The editors can then go through this spreadsheet and reassign the ‘AID to keep’ field to a different row.  E.g. for Francis Bacon the AID to keep is given as 1460.  If the second record for Francis Bacon should be kept instead the editor would just need to change the value in this column for all three Francis Bacons to the AID for this row, which is 163.  Similarly, if something has been marked as a duplicate and it’s wrong, then set the ‘AID to keep’ accordingly.  E.g. There are four ‘David Hume’ records, but looking at the dates at least one of these is a different person.  To keep the record with AID 1610 separate, replace the AID 1623 in the ‘AID to keep’ column with 1610.  It is likely that this spreadsheet will be used to manually split up the imported authors that just have all their data in the surname column.  Someone could, for example take the record that has ‘Hume, David, 1560?-1630?’ in the surname column and split this into the correct columns.

I also generated a spreadsheet containing all of the authors that appear to be unique.  This will also need checking for other duplicates that haven’t been picked up as there are a few.  For example AID 1956 ‘Heywood, Thomas, d. 1641’ and 1570 ‘Heywood, Thomas, -1641.’ Haven’t been matched because of that ‘d’.  Similarly, AID 1598 ‘Buffon, George Louis Leclerc, comte de, 1707-1788’ and 2274 ‘Buffon, Georges Louis Leclerc, comte de, 1707-1788.’ Haven’t been matched up because one is ‘George’ and the other ‘Georges’.  Accented characters have also not been properly matched, e.g. AID 1457 ‘Beze, Theodore de, 1519-1605’ and 397 ‘Bèze, Théodore de, 1519-1605.’.  I could add in a Levenshtein test that matches up things that are one character different and update the script to properly take into account accented characters for matching purposes, or these are things that could just be sorted manually.

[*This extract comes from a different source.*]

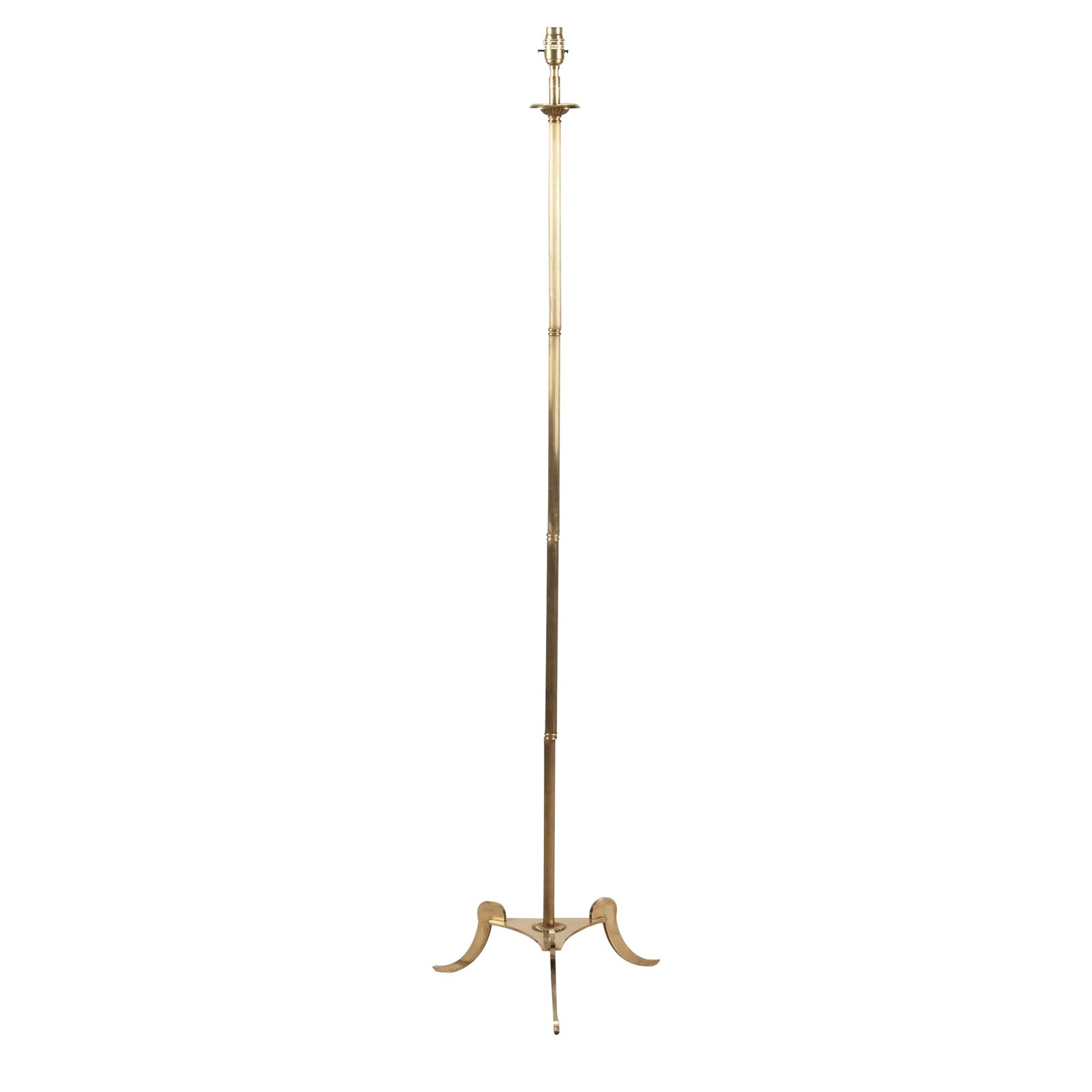 Featuring a reeded stem with fluted cup bulb holder to the top. The column terminates on an elegant tripod base with gently curved legs.
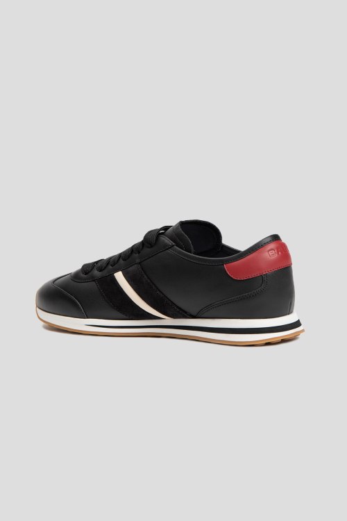 Детали: Мужские черные кожаные кроссовки от Bally (Балли). Модель из гладкой кожи, замшевая вставка, логотип сбоку и на пятке, классическая шнуровка, закругленный носок

Ann Fergusson of the DSL got back to me this week after having rigorously tested the search facilities of our new test versions of the DSL API (V2 containing data from the original API and V3 containing data that has been edited since the original API was made).  Ann had spotted some unexpected behaviour in some of the searches and I spent some time investigating these and fixing things where possible.  There were some cases where incorrect results were being returned when a ‘NOT’ search was performed on a selected source dictionary, due to the positioning of the source dictionary in the query.  This was thankfully easy to fix.  There was also an issue with some exact searches of the full text failing to find entries.  When the full text is ingested into Solr all of the XML tags are stripped out.  If there are no spaces between tagged words then words have ended up squashed together. For example: ‘Westminster</q></cit></sense><sense><b>B</b>. <i>Attrib</i>’.  With the tags (and punctuation) stripped out we’re left with ‘WestminsterB’.  So an exact search for ‘westminster’ fails to find this entry.  A search for ‘westminsterb’ finds the entry, which confirms this.  I suspect this situation is going to crop up quite a lot, so I will need to update the script that prepares content for Solr to add spaces after tags before stripping tags and then removes multiple spaces between words.